Если вы считаете, что какой-либо из наших материалов является неточным, устаревшим или иным образом сомнительным, выберите его и нажмите Ctrl + Enter.
В течение достаточно длительного времени консервированная донорская кровь считалась наиболее эффективным и универсальным средством лечения геморрагических анемий, гиповолемических состояний, нарушений белкового обмена различной этиологии и т.д. Донорская кровь широко использовалась во время Великой Отечественной войны как единственное в то время эффективное средство при лечении военной травмы - острой кровопотери. С течением времени, по мере создания и внедрения в клиническую практику высокоэффективных ЛС гемодинамического, реологического, антианемического и гемостатического действия, а также средств, эффективно корригирующих белковый и водно-солевой обмены, в значительной мере ограничили области применения донорской крови. В настоящее время гемотрансфузии необходимо осуществлять в соответствии с общими принципами компонентной гемотерапии: гемотрансфузии выполняются строго по показаниям и теми компонентами крови, в которых испытывает недостаток организм больного.
Донорская кровь: место в терапии
Несмотря на обоснованную пропаганду компонентной гемотерапии, применение цельной крови имеет свои, хотя и ограниченные показания: при массивных кровопотерях с выраженными явлениями гиповолемического шока и анемической гипоксии, снижением ОЦК (эритроцитов и плазмы), массивных обменных трансфузиях (гемолитическая болезнь новорожденных, острый гемолиз, токсикоз, хроническая почечная недостаточность), особенно в военно-полевых условиях, катастрофах, когда нет возможности немедленно получить достаточное количество компонентов крови. В мирное время, особенно в плановой хирургии, при показаниях к гемотрансфузии нужно строго придерживаться концепции компонентной гемотерапии - переливать исключительно необходимые компоненты донорской крови.

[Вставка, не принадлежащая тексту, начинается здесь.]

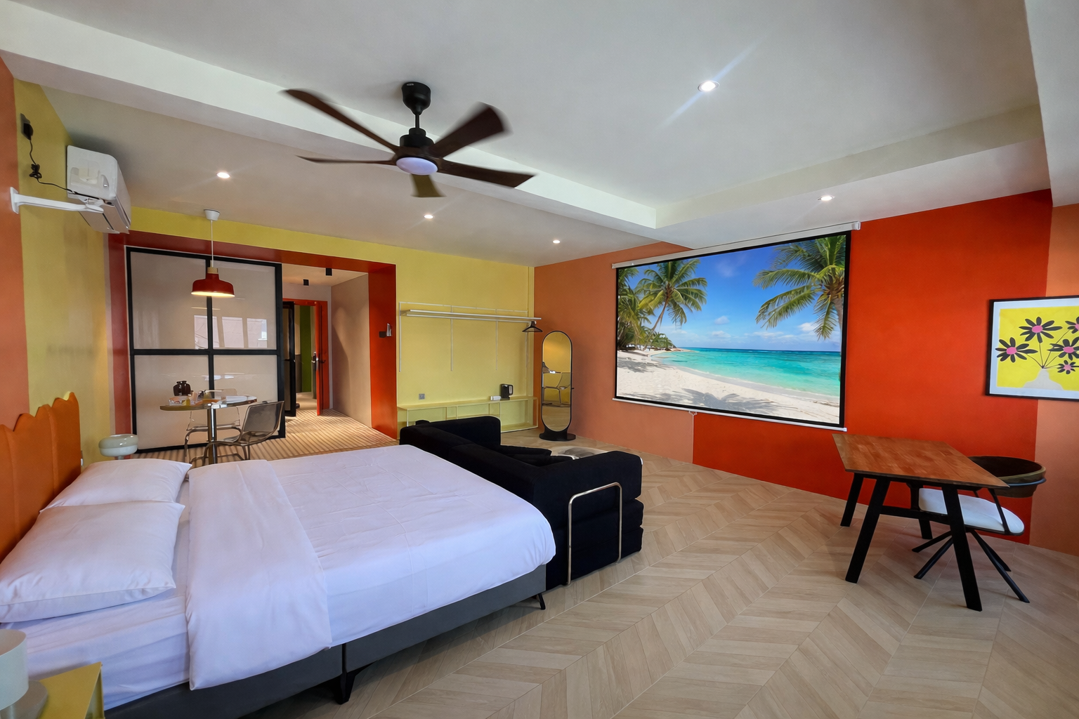 Travelling with friends? The Orange Suite gives you the space to stay together without squeezing into a small hotel room.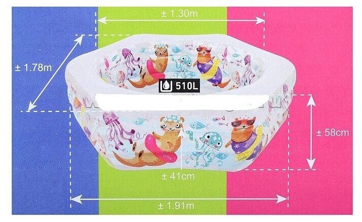 Intex Бассейн Риф 191х178х61 см Яркий бассейн необычной шестиугольной формы выглядит, словно маленькая модель океана. На внешних стенках изображены разнообразные подводные жители: рыбки, осьминоги и даже морские коньки. Противоскользящее покрытие надувного дна убережет вас от падений и травм. В бассейне с комфортом могут разместиться сразу несколько детей и даже взрослых. Сделан бассейн из тончайшего, но очень прочного винила и состоит из трех независимых камер, которые имеют двойные клапаны. Размер: 191х178х61 см. Вместимость бассейна: 723 л. (при 80% наполнении) Вес: 4.4 кг.

Продолжительность заместительного эффекта гемотрансфузии зависит во многом от исходного состояния организма. При лихорадочных состояниях, высоком уровне катаболизма при ожогах, обширных хирургических вмешательствах, сепсисе, гемолизе и нарушениях коагуляции крови она сокращается. В процессе трансфузии и ближайшие 2-3 суток после нее донорская кровь обусловливает волемический эффект только в случае, если объем перелитой крови не превышает 20- 30% ОЦК и отсутствуют микроциркуляторные сдвиги. Переливание крови, превышающее 30-50% ОЦК, приводит к ухудшению кровообращения, нарушению стабильности гемодинамики, патологическому депонированию крови.
Метод аутотрансфузий целесообразно применять во всех случаях, когда показана трансфузия компонентов крови для возмещения кровопотери и отсутствуют противопоказания к эксфузии крови у данного больного.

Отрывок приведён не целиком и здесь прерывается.